(What you are asked to do) When you reach the line containing "Under Armour - Womens", begin reproducing the material exactly, stop after the line containing "및 모래 채우기 베이스", and leave out any pictures along the way.

(Extracted material)
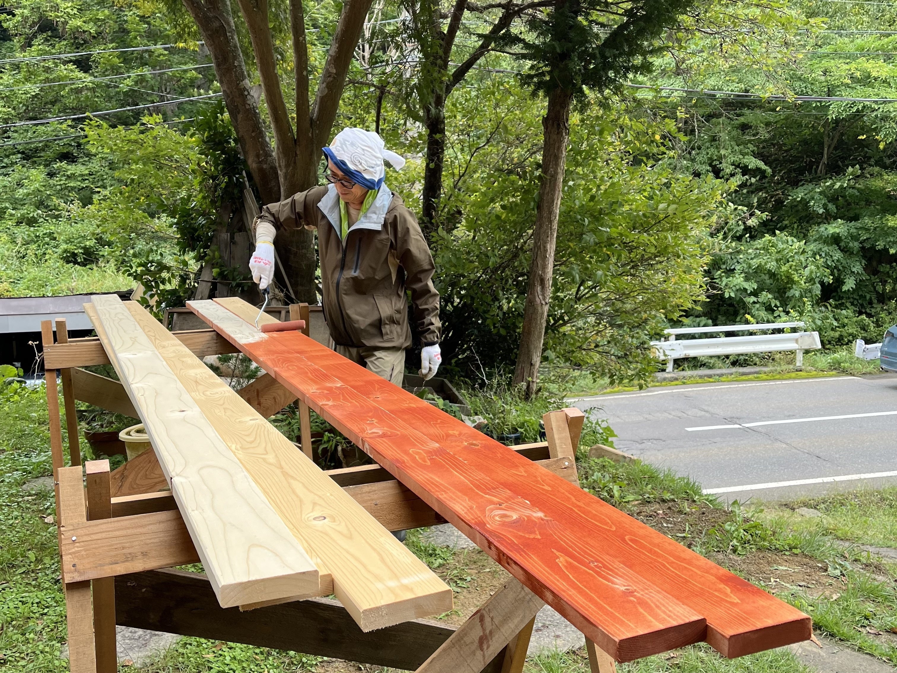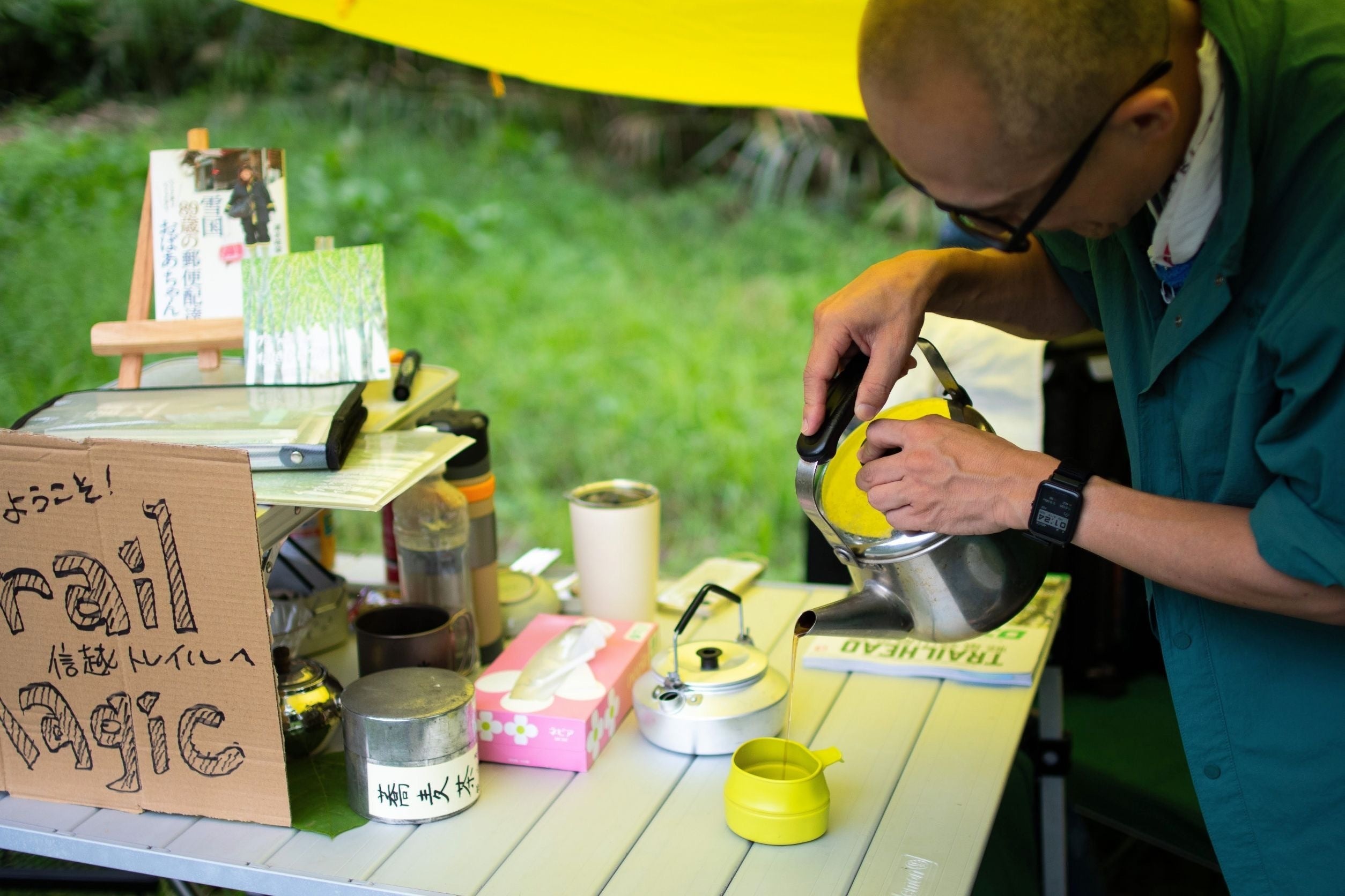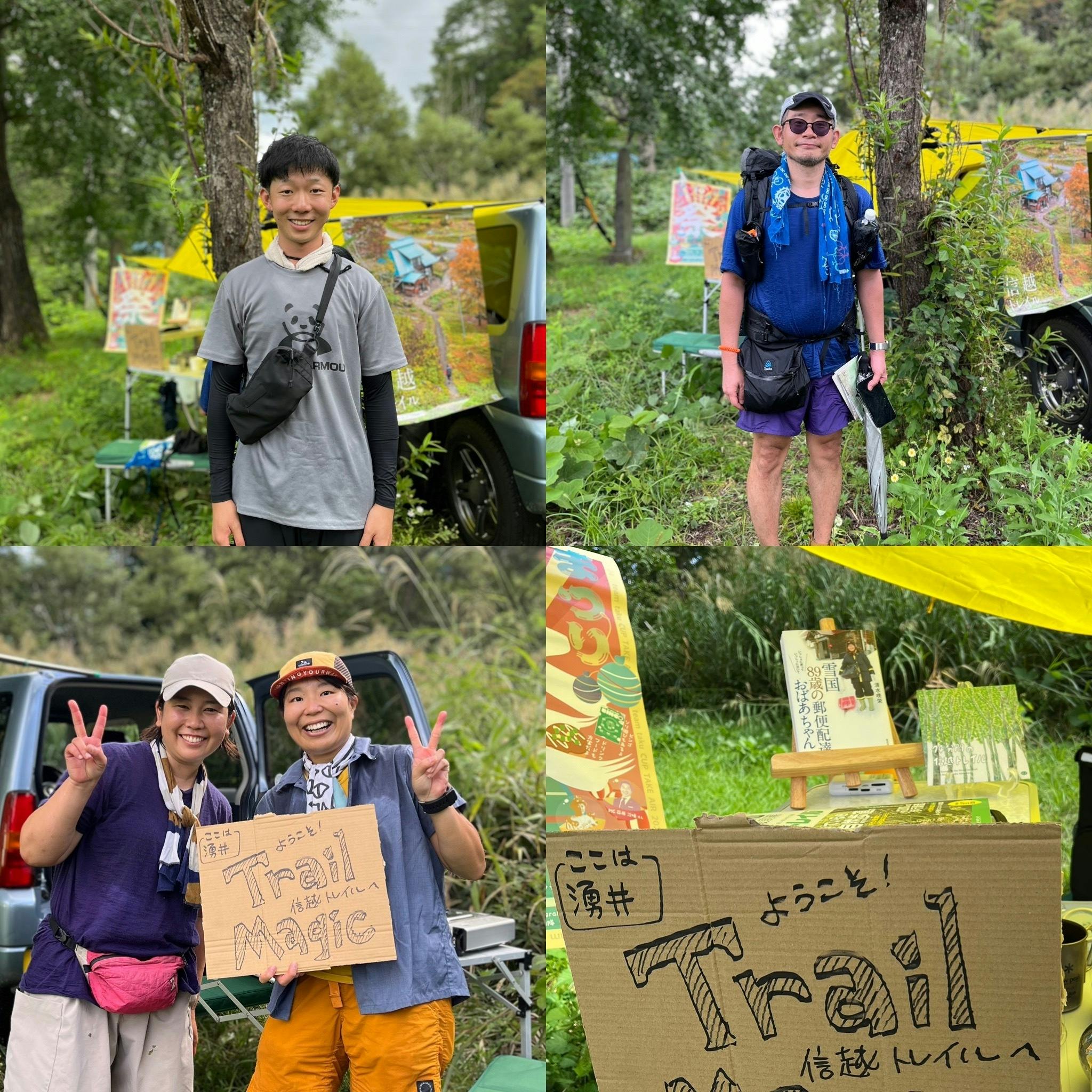 涌井堂を構想し始めた2024年、涌井集落で「トレイルマジック」を実施しました。これはお遍路でいうところの “お接待” で、トレイルを歩くハイカーに軽食などを振る舞ったりするものです。信越トレイル事務局のあるなべくら高原・森の家で事務作業をしているとハイカーとはほとんど出会えないのですが……実際に歩いている人と話せるだけで俄然やる気が湧いてきますね!実際、お茶を飲みながら宿泊所の相談を受けたりと、“出張ビジターセンター” のような場面もありました。
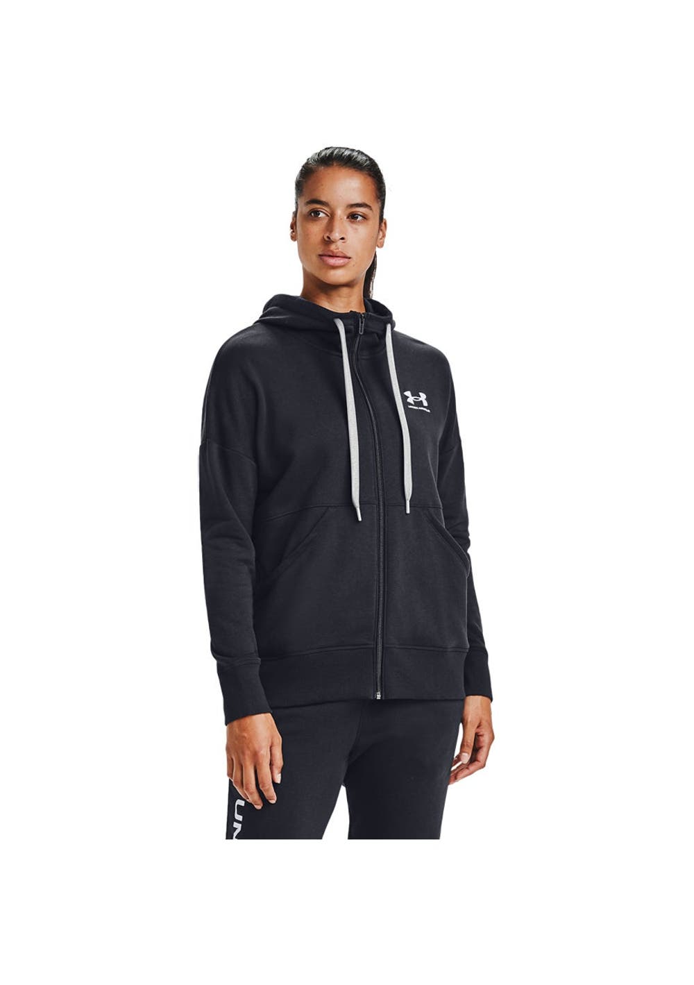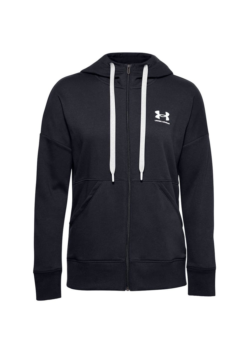 Under Armour - Womens Rival Fleece Full Zip Hoodie - Black/White/White
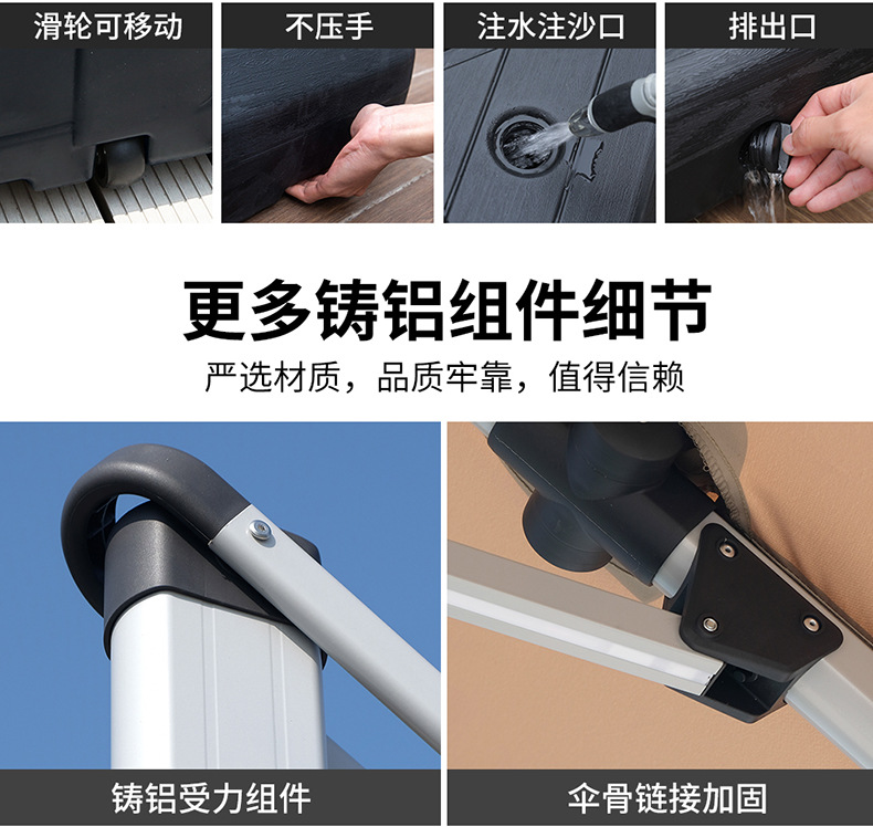 • 네비게이터 솔라 라이트 스트립 우산 100mm 기둥(앰버 골드) 3.0m 정사각형 - 200kg 물 및 모래 채우기 베이스
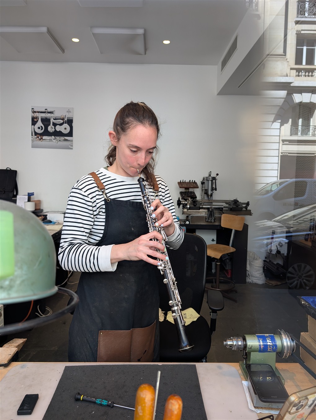 As I was saying, you can hardly walk a block in Paris without seeing something of interest...and there we were, walking along the Rue Montalembert, in the 7th, minding our own business, when Vicki exclaims "Oboes!" I look in the window, and sure enough, there is a young woman playing the oboe. And lots of oboes and oboe accessories. We are passing by the oboe division of Buffet Crampon, fabricant of wind instruments. They make oboes here. Very good ones. As a former oboist (5th through 11th grades), I am enthralled. Students of this blog know that we have already featured oboes and oboists in many, many different settings...just search oboe and oboist in the search box. We didn't set foot in the atelier...not in the market for a $12,000 oboe currently...but will surely look into their massive showroom on the Boulevard St. Germain sometime soon. Paris...!
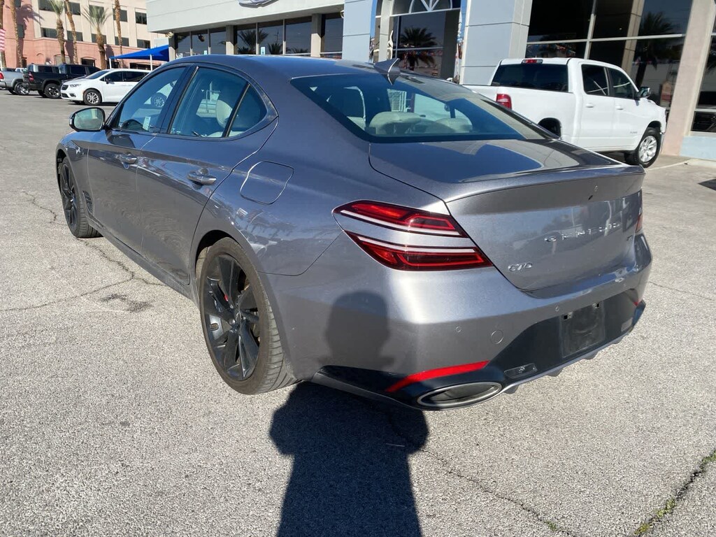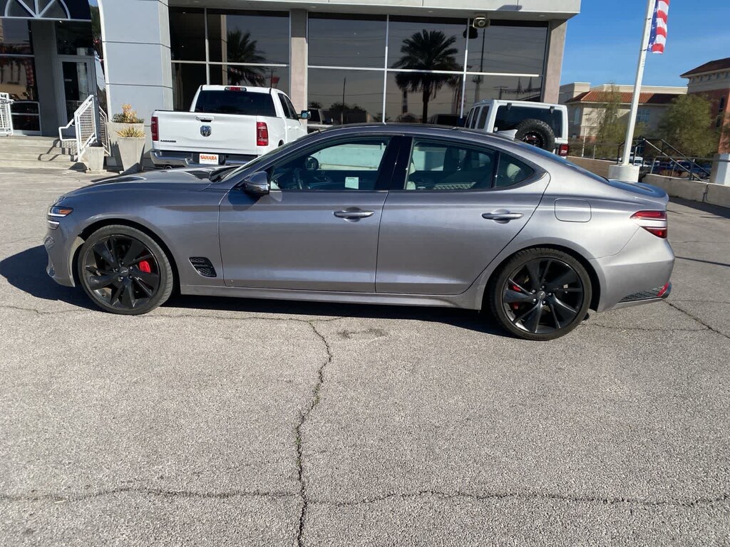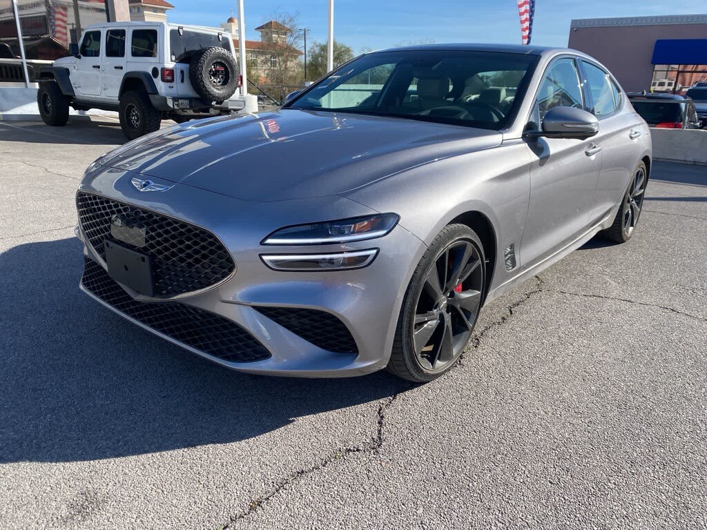 Our One Owner, Accident Free 2023 Genesis G70 3.3T Sedan with the Sport Prestige Pack blends breathtaking performance with a bold visual identity in Savile Silver! Powered by a Twin-TurboCharged 3.3 Liter V6 that provides 365hp to a paddle-shifted 8 Speed Automatic transmission with launch control to leap off the line. This Rear Wheel Drive sedan also sees nearly 27mpg on the highway with our Sport Prestige Packs style and substance upgrades. They add an electronically controlled suspension, Brembo brakes, a limited-slip rear differential, a wide sunroof, sport alloy wheels, a variable exhaust system, and a dark chrome grille to exclusive Two Line LED headlamps and a hands-free trunk.

(Task solution)
 Under Armour - Womens Rival Fleece Full Zip Hoodie - Black/White/White
 • 네비게이터 솔라 라이트 스트립 우산 100mm 기둥(앰버 골드) 3.0m 정사각형 - 200kg 물 및 모래 채우기 베이스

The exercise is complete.